Another philosopher and stern critic of Enlightenment who helped bridge fascism and environmentalism was Martin Heidegger. A much more renowned thinker than Klages, Heidegger preached “authentic Being” and harshly criticized modern technology, and is therefore often celebrated as a precursor of ecological thinking. On the basis of his critique of technology and rejection of humanism, contemporary deep ecologists have elevated Heidegger to their pantheon of eco-heroes.
Heidegger’s critique of anthropocentric humanism, his call for humanity to learn to “let things be,” his notion that humanity is involved in a “play” or “dance” with earth, sky, and gods, his meditation on the possibility of an authentic mode of “dwelling” on the earth, his complaint that industrial technology is laying waste to the earth, his emphasis on the importance of local place and “homeland,” his claim that humanity should guard and preserve things, instead of dominating them — all these aspects of Heidegger’s thought help to support the claim that he is a major deep ecological theorist.
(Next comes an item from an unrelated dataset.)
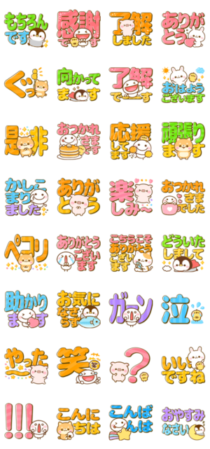 大集合♪棒人間、ぺんぺん、ほいっぷ、豆柴日和、ねこにゃん、ぽこちゃんのとってもカラフルなデカ文字スタンプです。犬・猫・うさぎ・ペンギンぴよたぬき より発売

[Heidegger] was … an active member of the Nazi party and … enthusiastically, even adoringly supported the Führer. His mystical panegyrics to Heimat (homeland) were complemented by a deep antisemitism, and his metaphysically phrased broadsides against technology and modernity converged neatly with populist demagogy. Although he lived and taught for thirty years after the fall of the Third Reich, Heidegger never once publicly regretted, much less renounced, his involvement with National Socialism, nor even perfunctorily condemned its crimes. His work, whatever its philosophical merits, stands today as a signal admonition about the political uses of anti-humanism in ecological garb.
[T]he Nazi movement’s incorporation of environmentalist themes was a crucial factor in its rise to popularity and state power.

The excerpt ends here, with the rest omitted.